**Problem details**
Reproduce the whole listing that follows, character for character, and drop the images.

**Records supplied**
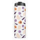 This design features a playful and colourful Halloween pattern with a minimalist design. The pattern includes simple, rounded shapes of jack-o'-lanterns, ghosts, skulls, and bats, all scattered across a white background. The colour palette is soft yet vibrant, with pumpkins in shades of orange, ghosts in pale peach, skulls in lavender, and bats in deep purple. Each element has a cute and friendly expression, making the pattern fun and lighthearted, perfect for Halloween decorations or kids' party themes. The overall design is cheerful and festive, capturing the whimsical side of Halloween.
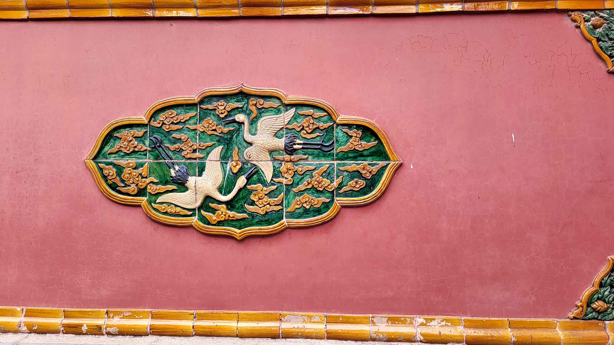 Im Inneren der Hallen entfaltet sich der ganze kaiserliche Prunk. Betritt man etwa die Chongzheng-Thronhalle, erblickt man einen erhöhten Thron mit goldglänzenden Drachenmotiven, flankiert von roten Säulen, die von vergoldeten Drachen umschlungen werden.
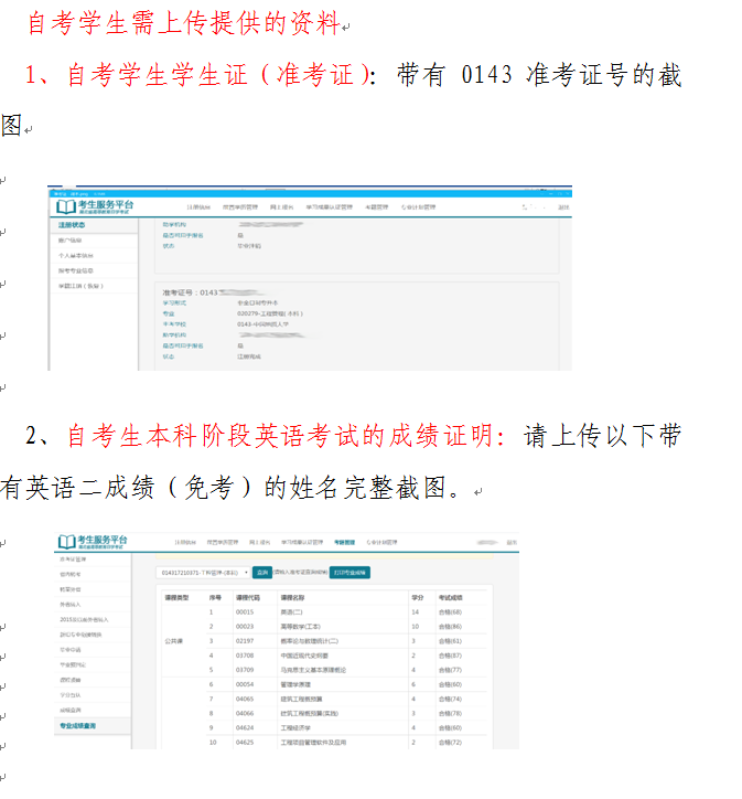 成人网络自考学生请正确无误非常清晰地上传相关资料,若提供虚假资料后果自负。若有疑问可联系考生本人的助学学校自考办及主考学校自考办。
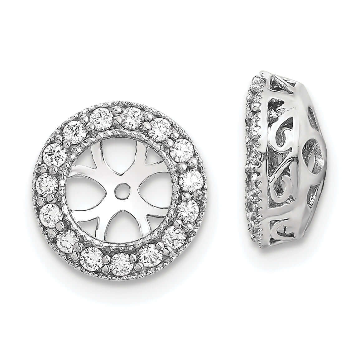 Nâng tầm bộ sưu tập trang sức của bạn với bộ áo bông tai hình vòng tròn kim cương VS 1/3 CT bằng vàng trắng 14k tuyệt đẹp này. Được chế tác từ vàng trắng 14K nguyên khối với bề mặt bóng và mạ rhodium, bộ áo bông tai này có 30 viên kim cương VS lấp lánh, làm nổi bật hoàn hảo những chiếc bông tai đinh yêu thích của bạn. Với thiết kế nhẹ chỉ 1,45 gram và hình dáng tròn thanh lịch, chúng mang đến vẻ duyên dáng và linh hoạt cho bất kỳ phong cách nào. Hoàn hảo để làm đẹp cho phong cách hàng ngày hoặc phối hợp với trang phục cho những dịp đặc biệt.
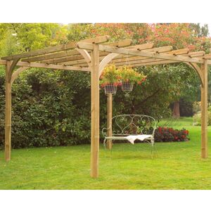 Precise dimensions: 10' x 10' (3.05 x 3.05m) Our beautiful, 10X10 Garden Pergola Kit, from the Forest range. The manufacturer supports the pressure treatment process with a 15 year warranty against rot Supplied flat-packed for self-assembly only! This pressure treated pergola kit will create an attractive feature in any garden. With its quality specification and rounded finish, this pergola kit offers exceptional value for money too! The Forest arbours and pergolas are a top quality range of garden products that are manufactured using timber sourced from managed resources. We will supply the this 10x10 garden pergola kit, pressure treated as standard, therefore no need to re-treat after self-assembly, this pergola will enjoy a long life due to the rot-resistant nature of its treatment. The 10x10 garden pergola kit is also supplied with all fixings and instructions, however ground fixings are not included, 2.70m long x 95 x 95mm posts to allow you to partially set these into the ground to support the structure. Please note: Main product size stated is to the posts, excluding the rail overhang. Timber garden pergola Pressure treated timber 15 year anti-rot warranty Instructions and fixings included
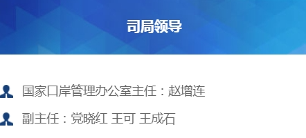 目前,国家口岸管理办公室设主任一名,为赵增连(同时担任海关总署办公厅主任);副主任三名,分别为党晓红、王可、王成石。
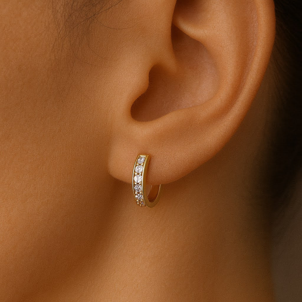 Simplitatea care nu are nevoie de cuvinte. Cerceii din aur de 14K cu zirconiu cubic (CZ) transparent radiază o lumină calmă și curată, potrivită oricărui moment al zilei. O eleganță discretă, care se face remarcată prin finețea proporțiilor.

**Reply**
 This design features a playful and colourful Halloween pattern with a minimalist design. The pattern includes simple, rounded shapes of jack-o'-lanterns, ghosts, skulls, and bats, all scattered across a white background. The colour palette is soft yet vibrant, with pumpkins in shades of orange, ghosts in pale peach, skulls in lavender, and bats in deep purple. Each element has a cute and friendly expression, making the pattern fun and lighthearted, perfect for Halloween decorations or kids' party themes. The overall design is cheerful and festive, capturing the whimsical side of Halloween.
 Im Inneren der Hallen entfaltet sich der ganze kaiserliche Prunk. Betritt man etwa die Chongzheng-Thronhalle, erblickt man einen erhöhten Thron mit goldglänzenden Drachenmotiven, flankiert von roten Säulen, die von vergoldeten Drachen umschlungen werden.
 成人网络自考学生请正确无误非常清晰地上传相关资料,若提供虚假资料后果自负。若有疑问可联系考生本人的助学学校自考办及主考学校自考办。
 Nâng tầm bộ sưu tập trang sức của bạn với bộ áo bông tai hình vòng tròn kim cương VS 1/3 CT bằng vàng trắng 14k tuyệt đẹp này. Được chế tác từ vàng trắng 14K nguyên khối với bề mặt bóng và mạ rhodium, bộ áo bông tai này có 30 viên kim cương VS lấp lánh, làm nổi bật hoàn hảo những chiếc bông tai đinh yêu thích của bạn. Với thiết kế nhẹ chỉ 1,45 gram và hình dáng tròn thanh lịch, chúng mang đến vẻ duyên dáng và linh hoạt cho bất kỳ phong cách nào. Hoàn hảo để làm đẹp cho phong cách hàng ngày hoặc phối hợp với trang phục cho những dịp đặc biệt.
 Precise dimensions: 10' x 10' (3.05 x 3.05m) Our beautiful, 10X10 Garden Pergola Kit, from the Forest range. The manufacturer supports the pressure treatment process with a 15 year warranty against rot Supplied flat-packed for self-assembly only! This pressure treated pergola kit will create an attractive feature in any garden. With its quality specification and rounded finish, this pergola kit offers exceptional value for money too! The Forest arbours and pergolas are a top quality range of garden products that are manufactured using timber sourced from managed resources. We will supply the this 10x10 garden pergola kit, pressure treated as standard, therefore no need to re-treat after self-assembly, this pergola will enjoy a long life due to the rot-resistant nature of its treatment. The 10x10 garden pergola kit is also supplied with all fixings and instructions, however ground fixings are not included, 2.70m long x 95 x 95mm posts to allow you to partially set these into the ground to support the structure. Please note: Main product size stated is to the posts, excluding the rail overhang. Timber garden pergola Pressure treated timber 15 year anti-rot warranty Instructions and fixings included
 目前,国家口岸管理办公室设主任一名,为赵增连(同时担任海关总署办公厅主任);副主任三名,分别为党晓红、王可、王成石。
 Simplitatea care nu are nevoie de cuvinte. Cerceii din aur de 14K cu zirconiu cubic (CZ) transparent radiază o lumină calmă și curată, potrivită oricărui moment al zilei. O eleganță discretă, care se face remarcată prin finețea proporțiilor.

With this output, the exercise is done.